[WHAT IS EXPECTED]
Go through the listing and repeat each entry exactly, but include no pictures.

....

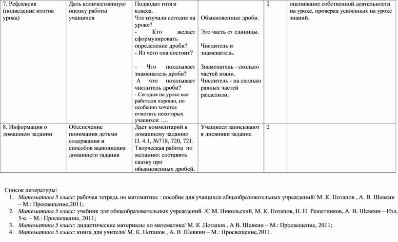 1. Математика 5 класс: учебник для общеобразовательных учреждений. /С.М. Никольский, М. К. Потапов, Н. Н. Решетников, А. В. Шевкин – Изд. 5-е. – М.: Просвещение, 2011;
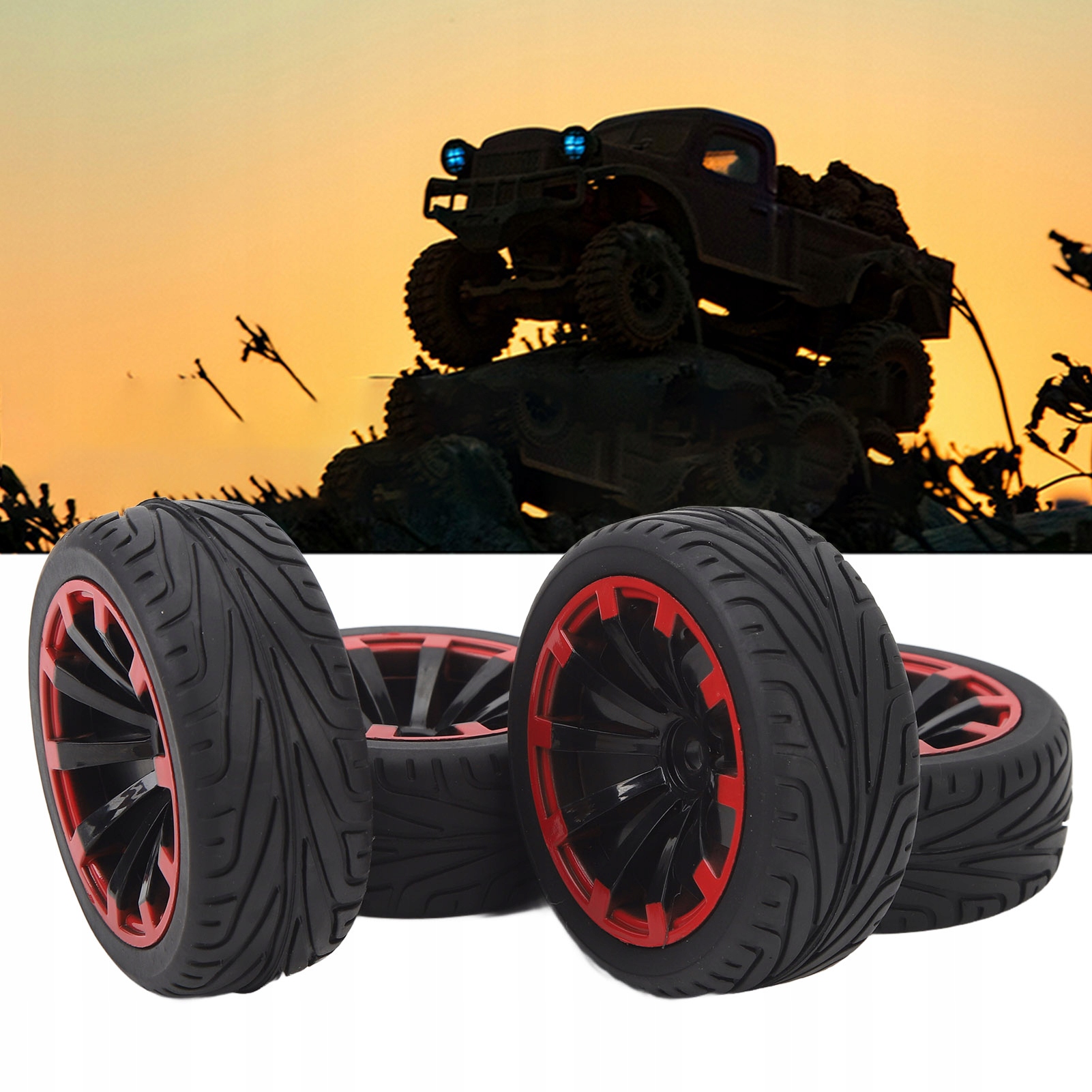 4 шт. 12-міліметрових шестикутних коліс RC Шини в масштабі 1/10 Позашляхові шини F-подібний протектор 10 отворів Червоне кільце колеса Шини втулки колеса
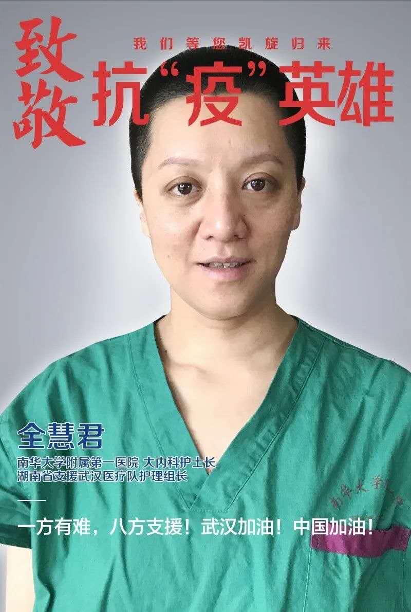 在她与全体医护人员的默契配合和共同努力下,方舱医院院感、护理及病房管理工作有序开展,方舱医院也实现轻症患者零死亡、出院患者零回头、医护人员零感染、安全生产零事故、进驻人员零投诉的“五个零”的目标。全慧君带领护理团队踏实、雷厉风行的工作作风更得到了当地医护人员的高度赞扬与认可。他们说:“从你们身上我们全面见识了湖南人吃得苦、耐得烦、霸得蛮的精神,向你们学习,向你们致敬!”一位经过全慧君护理痊愈的患者,将她那黑眼圈、憔悴不堪且变形的脸用手机拍下来,一边使劲亲吻,一边念叨着“乖女儿,我有7个孩子,你是我最美最漂亮的孩子……”这张照片被大妈的家人、亲属、朋友广泛地转发,大家在朋友圈后面都用红唇表情向她表示由衷的热吻……
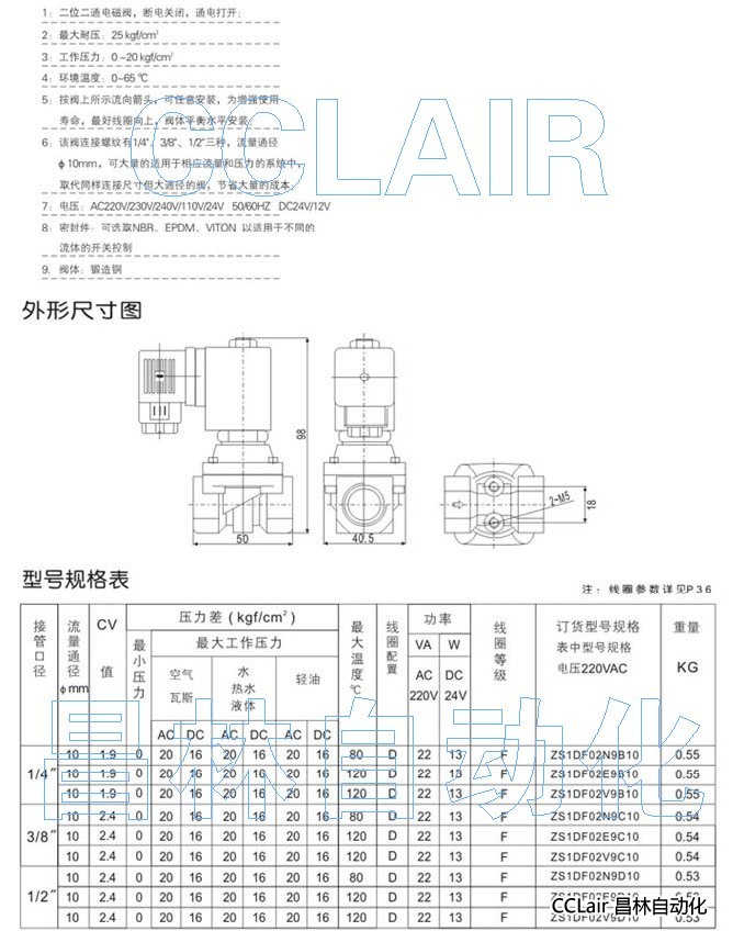 ZS1DF02N9B10,ZS1DF02E9B10,二位二通直動式電磁閥(常閉型)
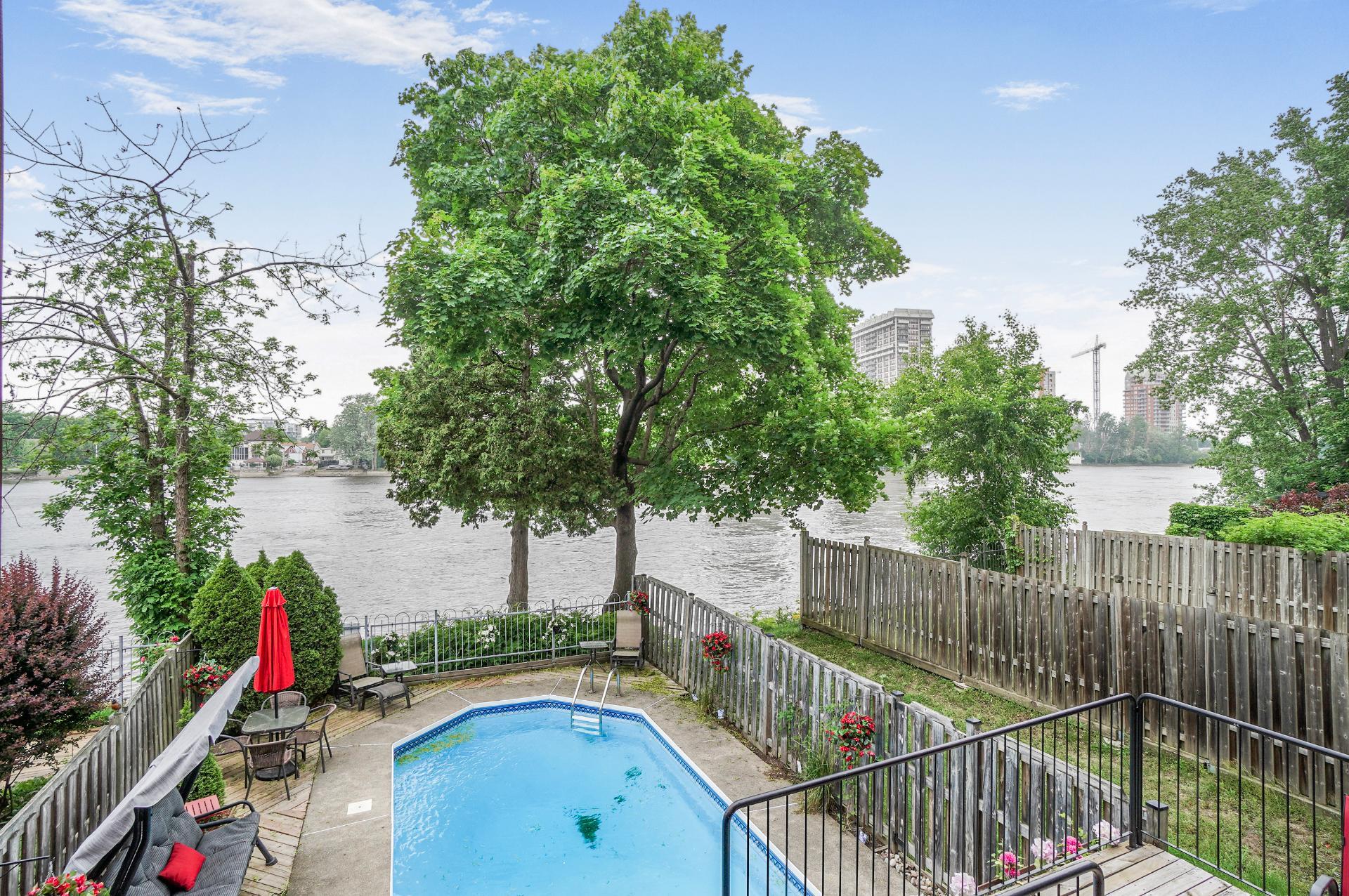 Stunning waterfront townhouse! Located in a peaceful and sought-after area, this spacious condo offers an exceptional living environment close to amenities, parks, schools, public transit, and a variety of restaurants. Its open-concept layout and abundant natural light create a warm and inviting atmosphere. In addition to a double garage, the unit provides extra storage space, a rare and valuable feature. You will also enjoy a private pool, exclusively for this unit, as well as a private yard--perfect for relaxing in total tranquility. A true gem for anyone seeking comfort, privacy, and proximity to local services!

....

[SOLUTION TO THIS TASK]
 1. Математика 5 класс: учебник для общеобразовательных учреждений. /С.М. Никольский, М. К. Потапов, Н. Н. Решетников, А. В. Шевкин – Изд. 5-е. – М.: Просвещение, 2011;
 4 шт. 12-міліметрових шестикутних коліс RC Шини в масштабі 1/10 Позашляхові шини F-подібний протектор 10 отворів Червоне кільце колеса Шини втулки колеса
 在她与全体医护人员的默契配合和共同努力下,方舱医院院感、护理及病房管理工作有序开展,方舱医院也实现轻症患者零死亡、出院患者零回头、医护人员零感染、安全生产零事故、进驻人员零投诉的“五个零”的目标。全慧君带领护理团队踏实、雷厉风行的工作作风更得到了当地医护人员的高度赞扬与认可。他们说:“从你们身上我们全面见识了湖南人吃得苦、耐得烦、霸得蛮的精神,向你们学习,向你们致敬!”一位经过全慧君护理痊愈的患者,将她那黑眼圈、憔悴不堪且变形的脸用手机拍下来,一边使劲亲吻,一边念叨着“乖女儿,我有7个孩子,你是我最美最漂亮的孩子……”这张照片被大妈的家人、亲属、朋友广泛地转发,大家在朋友圈后面都用红唇表情向她表示由衷的热吻……
 ZS1DF02N9B10,ZS1DF02E9B10,二位二通直動式電磁閥(常閉型)
 Stunning waterfront townhouse! Located in a peaceful and sought-after area, this spacious condo offers an exceptional living environment close to amenities, parks, schools, public transit, and a variety of restaurants. Its open-concept layout and abundant natural light create a warm and inviting atmosphere. In addition to a double garage, the unit provides extra storage space, a rare and valuable feature. You will also enjoy a private pool, exclusively for this unit, as well as a private yard--perfect for relaxing in total tranquility. A true gem for anyone seeking comfort, privacy, and proximity to local services!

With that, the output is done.